If you're interested in something, you would go and try to find out as much information on it. Your average mainstream consumer will not be paying $399-$499 for a gaming console. Somebody that doesn't game and just want entertainment apps/tv is not going to pay $499 for an xbox one. If the mainstream consumer is such a big factor in deciding the sucess of the Xbox One at launch, Microsoft wouldn't have backpeddled on the drm policies, cause the hardcore doing the raging would not matter.
Totally disagree. There are plenty of mainstream consumers who will be buying both of these units for the holidays. It's not as if they're $800. Removing DRM was to placate everyone, most especially people who buy used games for their kids or anyone who trades in games in general or sells them secondhand. It wasn't just a move made to please the hardcore. Those "mainstream" buyers may not care
now, because they're months away from having to make an informed buying decision, but you can believe MS knew they would be hammered by the general public as well as the hardcore gamers by the time these consoles came to market in the fall with the DRM policy still in place on the XB1. Just because the general public doesn't really care at the moment (and why would they need to?) doesn't mean it wouldn't have been a factor when the average consumer starts paying attention to which unit they're going to buy for themselves or their kids for Christmas.

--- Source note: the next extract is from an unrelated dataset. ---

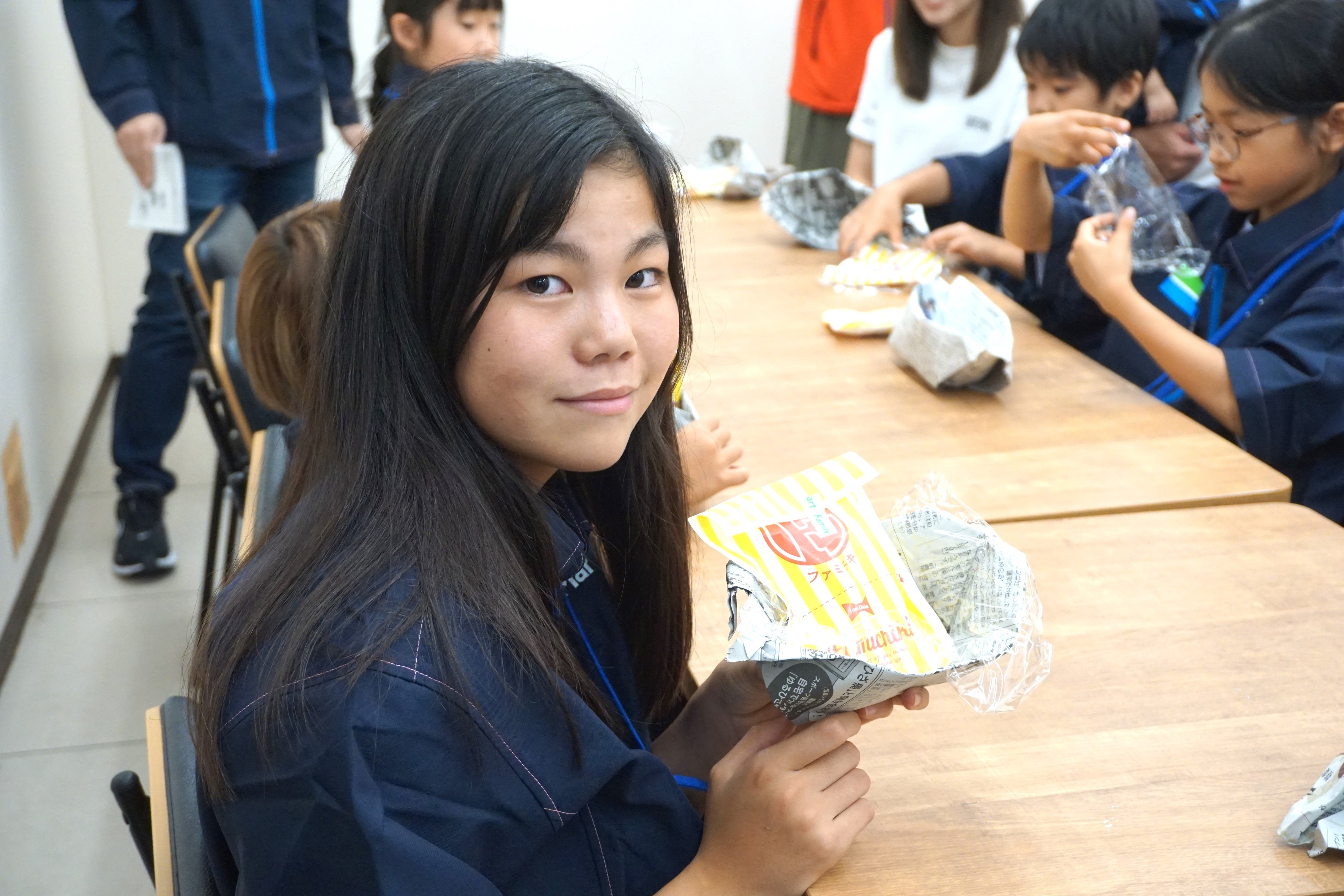 身近なもので工夫する体験として、昨年好評だった新聞紙のコップ作りを発展させ、今年は新聞紙で「お椀」作りに挑戦。完成したお椀に盛り付けたのは「ファミチキ」です。災害時でも、工夫次第で温かく美味しい食事ができることを、楽しみながら体験することができました。

As far as Kinect goes, MS seems to want the Kinect as a guide for the infrastructure of the system itself -- turning it on, going through menus, etc. Less as a gaming function (perhaps -- we'll see). Now, I may not like it, and I'd rather see it dropped and have the system be $100 less like everyone else, but MS must feel the only way to get people to use it is to mandate it. More over, that extra $100 isn't -- IMO -- going to end up being that huge of a deal for MS. They have an edge with Xbox Live, they've got an online network that has a lot of players who are going to stick with it, they have exclusives that sell in the U.S., and they feel -- rightly or wrongly -- that they can afford the additional $100, even with Sony being out there at a lesser price point.
But if it doesn't work, they'll make adjustments. Like anything else, they can change course if they need to, if Sony truly ends up outselling them this holiday season. Either way, this winter will a battle, but it's not going to win either side the war so to speak, no matter how much fanboy hyperbole is stoked up on message boards.